▸ **Directions**:
What you return should be every line below, word for word, and none of the images.

▸ **Source material**:
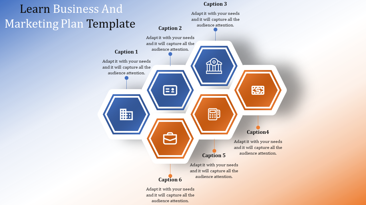 Our business and marketing plan PPT template is designed to help entrepreneurs, professionals, and students create a clear roadmap for their ventures. It's easy to use and looks great, with hexagonal shapes that show how different parts of your business connect. You can use these shapes to map out your company's strengths, weaknesses, opportunities, and threats.
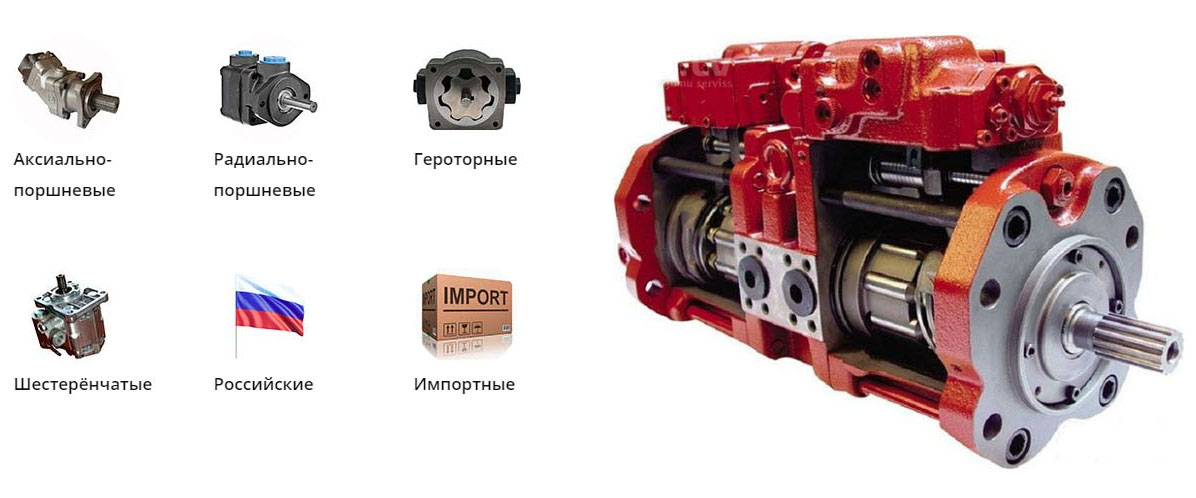 Типы ремонтируемых нами гидронасосов и гидромоторов:
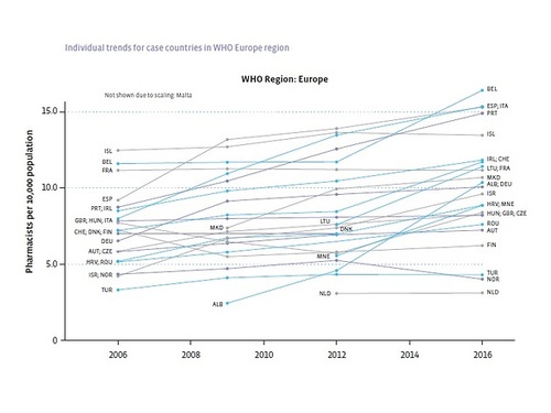 Un informe de la Federación Internacional Farmacéutica (FIP) predice un aumento del 40 por ciento en el número de farmacéuticos hasta 2030 (desde 2016).

▸ **Response to this exercise**:
 Our business and marketing plan PPT template is designed to help entrepreneurs, professionals, and students create a clear roadmap for their ventures. It's easy to use and looks great, with hexagonal shapes that show how different parts of your business connect. You can use these shapes to map out your company's strengths, weaknesses, opportunities, and threats.
 Типы ремонтируемых нами гидронасосов и гидромоторов:
 Un informe de la Federación Internacional Farmacéutica (FIP) predice un aumento del 40 por ciento en el número de farmacéuticos hasta 2030 (desde 2016).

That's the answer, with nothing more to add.